Welcome to PiePline’s documentation!¶

Getting started guide¶

First of all look at main classes of PiePline:

Trainer - class, that implements training process
TrainConfig - class, that store hyperparameters
AbstractTrainStage - base class for single stage of training process. Don’t worry, PiePline have predefined classes for common use cases: TrainStage, ValidationStage and more common - StandardStage
DataProducer - class, that unite datasets and unite it’s interface
FileStructManager - class, that manage file structure

Training stages needed for customize training process. With it Trainer work by this scheme (dataflow scheme for single epoch):

Implement dataset class¶

In PiePline dataset is iterable class. This means, that class need contain __getitem__ and __len__ methods.

For every i-th output, dataset need produce Python dict with keys ‘data’ and ‘target’.

Let’s create MNIST dataset, based on builtin PyTorch dataset:

from torchvision import datasets, transforms

class MNISTDataset(AbstractDataset):
    # define transforms
    transforms = transforms.Compose([transforms.ToTensor(), transforms.Normalize((0.1307,), (0.3081,))])

    def __init__(self, data_dir: str, is_train: bool):
        # instantiate PyTorch dataset
        self.dataset = datasets.MNIST(data_dir, train=is_train, download=True)

    # define method, that output dataset length
    def __len__(self):
        return len(self.dataset)

    # define method, that return single data by index
    def __getitem__(self, item):
        data, target = self.dataset[item]
        return {'data': self.transforms(data), 'target': target}

For work with this dataset we need wrap it by DataProducer:

from piepline import DataProducer

# create train and validation datasets objects
train_dataset = DataProducer([MNISTDataset('data/dataset', True)], batch_size=4, num_workers=2)
validation_dataset = DataProducer([MNISTDataset('data/dataset', False)], batch_size=4, num_workers=2)

Create TrainConfig¶

Now let’s define TrainConfig that will contains training hyperparameters.

In this tutorial we use predefined stages TrainStage and ValidationStage. TrainStage iterate by DataProducer and learn model in train() mode. Respectively ValidatioStage do same but in eval() mode.

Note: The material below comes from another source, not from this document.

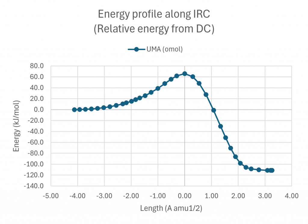 この結果、得られた反応経路(IRC)を次に示します。

from piepline import TrainConfig, TrainStage, ValidationStage

# define train stages
train_stages = [TrainStage(train_dataset), ValidationStage(validation_dataset)]

loss = torch.nn.NLLLoss()
optimizer = torch.optim.SGD(model.parameters(), lr=1e-4, momentum=0.5)

# define TrainConfig
train_config = TrainConfig(train_stages, loss, optimizer)

Create Trainer¶

First of all we need specify model, that will be trained:

class Net(nn.Module):
    def __init__(self):
        super(Net, self).__init__()
        self.conv1 = nn.Conv2d(1, 20, 5, 1)
        self.conv2 = nn.Conv2d(20, 50, 5, 1)
        self.fc1 = nn.Linear(4 * 4 * 50, 500)
        self.fc2 = nn.Linear(500, 10)

    def forward(self, x):
        x = F.relu(self.conv1(x))
        x = F.max_pool2d(x, 2, 2)
        x = F.relu(self.conv2(x))
        x = F.max_pool2d(x, 2, 2)
        x = x.view(-1, 4 * 4 * 50)
        x = F.relu(self.fc1(x))
        x = self.fc2(x)
        return F.log_softmax(x, dim=1)

Now we need build our training process. It’s done by implements Trainer class:

from piepline import FileStructManager, Trainer

# define file structure for experiment
fsm = FileStructManager(base_dir='data', is_continue=False)

# create trainer
trainer = Trainer(model, train_config, fsm, torch.device('cuda:0'))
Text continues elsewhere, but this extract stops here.